Desta maneira, aplica-se a Lei da Misericórdia, permitindo ao obsedado que se reestabeleça e reorganize sua condição energético-vibratória, alterando seu comportamento e atitude mental e, consequentemente o padrão vibratório que permite a ação do obsessor. A este último, a mesma Lei garante uma segunda via evolutiva, possibilitando-lhe esgotar seus sentimentos desequilibrados, e encontrar o arrependimento e o remorso por seus atos, dentro daquele que é conhecido como o Caminho da Dor.  

Não obstante, convém salientar que os fatos que originaram esta relação obsessor/obsedado permanecem inalterados, bem como as permissões da Lei em relação a estes. Caso o espirito renitente encontre meios para, a partir das regiões inferiores, atacar novamente seu alvo, e ainda, caso este alvo mantenha seu padrão comportamental e conduta moral que mantenha aberta a faixa vibratória através da qual se estabelece a ligação entre ambos, o obsessor segue amparado pela Lei e tem permissão de reaproximar-se de seu antigo algoz para intentar sua vingança.

Conclui-se,  portanto que, para que o desligamento obsessor/obsedado ocorra de forma eficiente, por completo e em definitivo, é imprescindível que um dos dois altere radicalmente seu padrão mental e sua conduta.





Conhecimento, fé e amor ao próximo


Não é à toa que estes procedimentos, da maneira que entendemos a mais adequada, são tão raros de observar. Para que ocorram de maneira eficiente e beneficiando indubitavelmente todas as partes envolvidas, é necessária a confluência de diversos fatores, como salientamos anteriormente.

É essencial a individualização de cada caso, para que ocorra nos termos que citamos, não sendo possível estabelecer este nível de diálogo em sessões coletivas em que apenas uns poucos dirigentes são responsáveis por coordenar inúmeros espíritos.  

Sobretudo, quem dirige o procedimento e o diálogo com o espirito obsessor deve estar à altura da função. 

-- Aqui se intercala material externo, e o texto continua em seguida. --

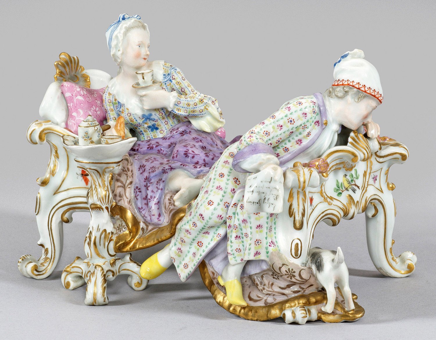 In einem prunkvollen, rocaillereliefiertem Rokoko-Bett sitzende Dame mit einer Tasse Kakao und Gebäck, an dessen Fußende der über die Lehne blickende Ehegatte. Am Bettende, hinter einem Kissen versteckter Amor mit Pfeil und Köcher. Polychrome Malerei mit Goldstaffage. Entw. Johann Joachim Kaendler, 1770/71. Unw. Rest.; Schwertermarke. 20 cm x 12,5 cm x 13 cm.

Quando os dirigentes são os Guias espirituais, sabe-se que possuem as condições fundamentais para exercer a função: conhecimento, fé e amor ao próximo. Todavia, quando aqueles responsáveis pelo diálogo com os obsessores são encarnados, convém que adquiram, antes de aceitar tal responsabilidade, as condições acima.

O conhecimento é imprescindível, não apenas acerca da realidade extracorpórea, bem como dos meandros da mente humana, de psicologia e de comunicação. A capacidade de conduzir a conversa para o caminho que mais lhe interessa, há de ser maior em um dos dois (doutrinador ou obsessor). Neste caso, não é desonesto manipular a mente do interlocutor, a fim de conduzi-la a compreensão daquilo que é fundamental para o bom desenrolar do processo.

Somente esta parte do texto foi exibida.